Today's Words of Wisdom

"The strange thing about children is that they love anarchy, but hate change."
--Carl Smith
.

Exactly.

May 14, 2008

MYSTERY SOLVED!

So we have TOTALLY SOLVED the vacuum mystery. But we're not going to TELL YOU THE ANSWER, not quite yet, because a friend said she wanted to watch the video first.

Anymore guesses?

Update: Le Answer!

So the question is: what sort of vaccuum both "bonks" and "sleeps"?

the answer is: A Roomba!




One of which is owned by elliot's friend Robbie, and which he saw in action a few days ago and has, evidently, really been wanting to tell us about. Baccuum! Bonk! shhhh!

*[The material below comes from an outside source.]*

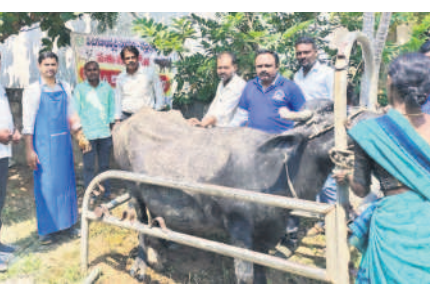
పశువైద్య శిబిరంలో పాల్గొన్న వైద్యాధికారులు

చౌటుప్పల రూరల్, అక్టోబర్ 12 : మండలంలోని స్వాములవారి లింగోటం గ్రామంలో పశుగణాభివృద్ధి సంస్థ ఆధ్వర్యంలో గురువారం గర్భకోశ వ్యాధి చికిత్స శిబిరం నిర్వహించారు. ఈ సందర్భంగా రైతులకు ఆయన పశువుల పెంపకంపై పలు సూచనలు చేశారు. పశువులకు వ్యాధులు రాకుండా టీకాలు వేయించాలని తెలిపారు. శిబిరంలో 35 పశువులకు గర్భకోశ వ్యాధి చికిత్సలు, 150 పశువులకు గాలికుంటు వ్యాధి టీకాలు వేశారు. కార్యక్రమంలో ఉమ్మడి నల్లగొండ జిల్లా ఈడె పాశం శ్రీని
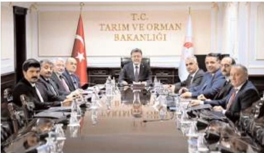
Çorum heyeti, Tarım ve Orman Bakanı İbrahim Yumaklı'yı ziyaret etti.

Of course, a roomba doesn't actually sleep, but it does sometimes stop doing it's awesome bonking, and at this point one might explain, to a whinging toddler, that the lack of activity was due to "sleeping" which also required leaving the roomba alone. to sleep.

anyway, that video is not elliot, it's just something I found on youtube, but i think it captures his relationship to the roomba quite well. when elliot saw it, he shrieked, said "Baccum! Baccum!!!!" and then tried to kiss the laptop screen.

May 13, 2008

Elliot and the mysterious urgency of the vacuum

What's this about? We're still not sure.



Since Elliot is still on about this today, we continue to be interested in your attempts at translation.

May 11, 2008

Why I Pay Homage to Mothers: A Response to Garrison Keillor

Normally I love Garrison Keillor.

But I think his recent column about Mother's Day is a load of bunk.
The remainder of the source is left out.